NB, this assumes constant acceleration.

Note that you would need a small rocket stage in the projectile, because
an Earth-surface catapult *cannot* put something directly into orbit -- it
can reach only orbits that intersect the atmosphere, so a bit of rocket
fuel is needed to finish the job.

P = m*a*v, where v and a are as before, m is projectile mass, and P is
peak power. This is up in the gigawatts even for m=100kg; clearly one
needs local power storage that can be charged up slowly and discharged
very quickly. (t = v/a, so that 10km track is covered in about 2s.)
Neglecting losses, energy is 0.5*m*v^2, so for m=100kg we need about
1250kW-hr per shot.

Note that 100kg is almost certainly much too small to get acceptable
atmospheric drag losses, and for that matter the drag loss assumed in the
above example numbers is probably too low even with higher mass.

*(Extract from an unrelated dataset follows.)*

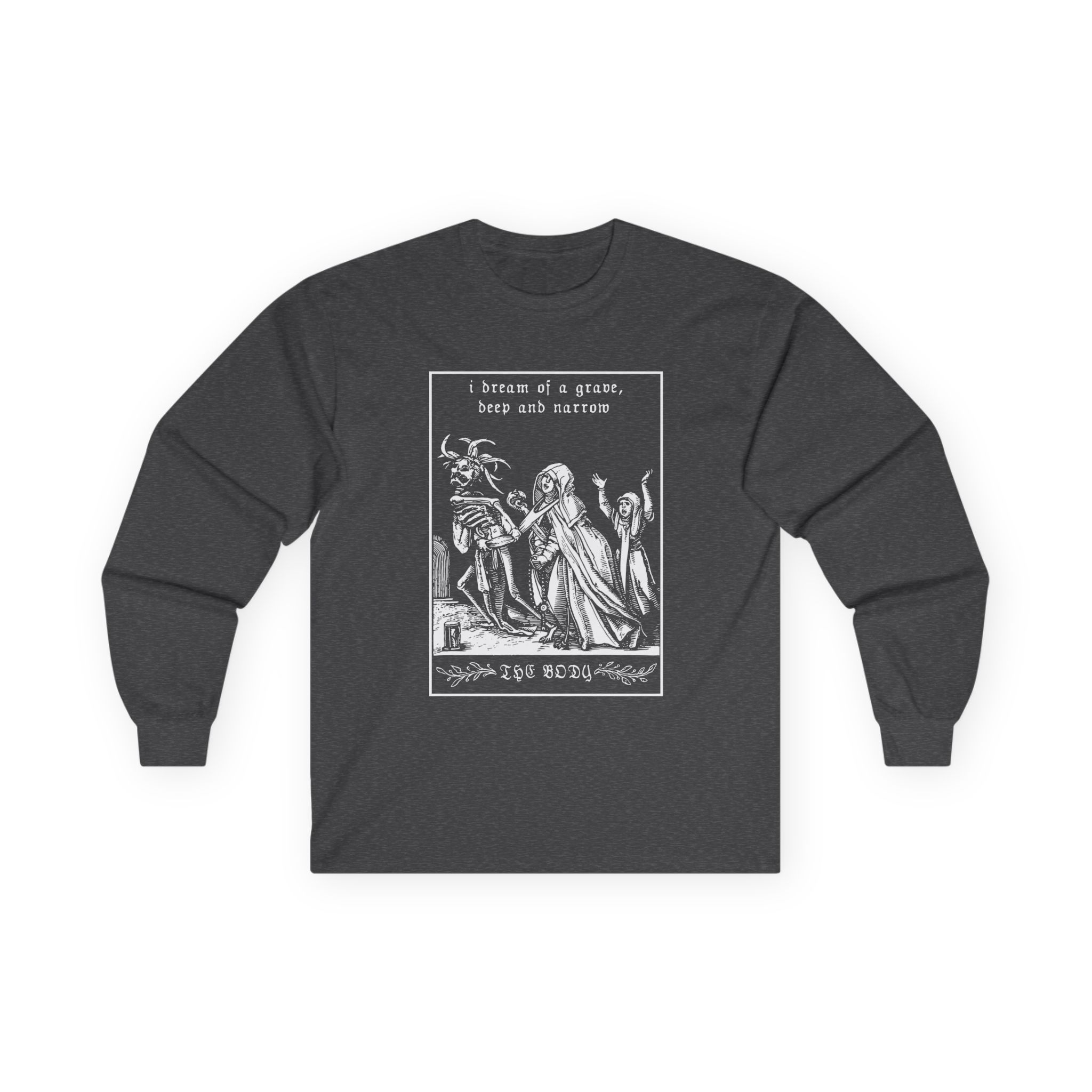 A bit more formal than a standard-issue t-shirt, The Body Grave ultra cotton long sleeve tee is a clear comfort winner. The sleeves also act as a nice frame. There are no side seams. The shoulders are taped for improved durability. This makes for a good fitting around the shoulders and neck. The cotton used for these shirts is environmentally friendly.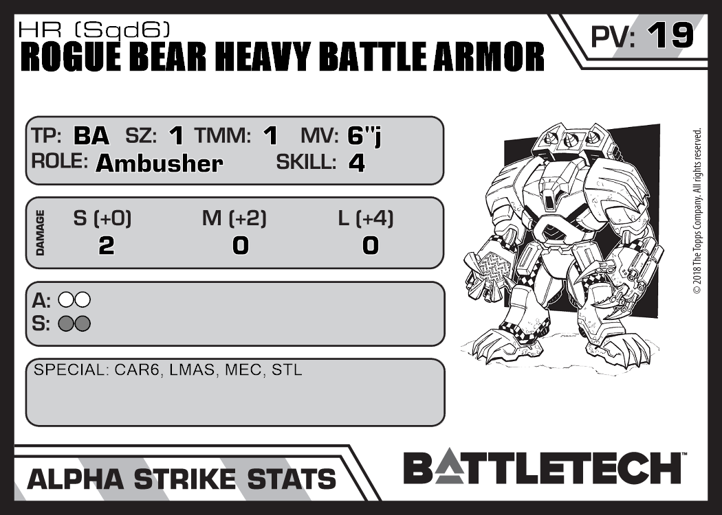 | Rogue Bear Heavy Battle Armor (Sqd6) | 599 | 21 | Standard | TR:3075 | |

This is different from a rocket which also makes a sonic boom and
spews tons of poisonous gasses onto the launch pad, at irregular
intervals.

There's nothing particularly poisonous about the exhaust from a
LOX/kerosene or LOX/LH2 rocket.

The Earth to Orbit Mass Driver is a better environmental alternative
to unassisted rocketry.

A point of terminology: this is a catapult, not a mass driver. The two
terms are not synonymous. A mass driver is a particular type of catapult,
which accelerates its payloads in payload carriers, "buckets", which are
decelerated and returned to the head end for re-use.

The launch apparatus is completely reusable,
hundreds, thousands, and perhaps hundreds of thousands of times.

It's also extremely expensive.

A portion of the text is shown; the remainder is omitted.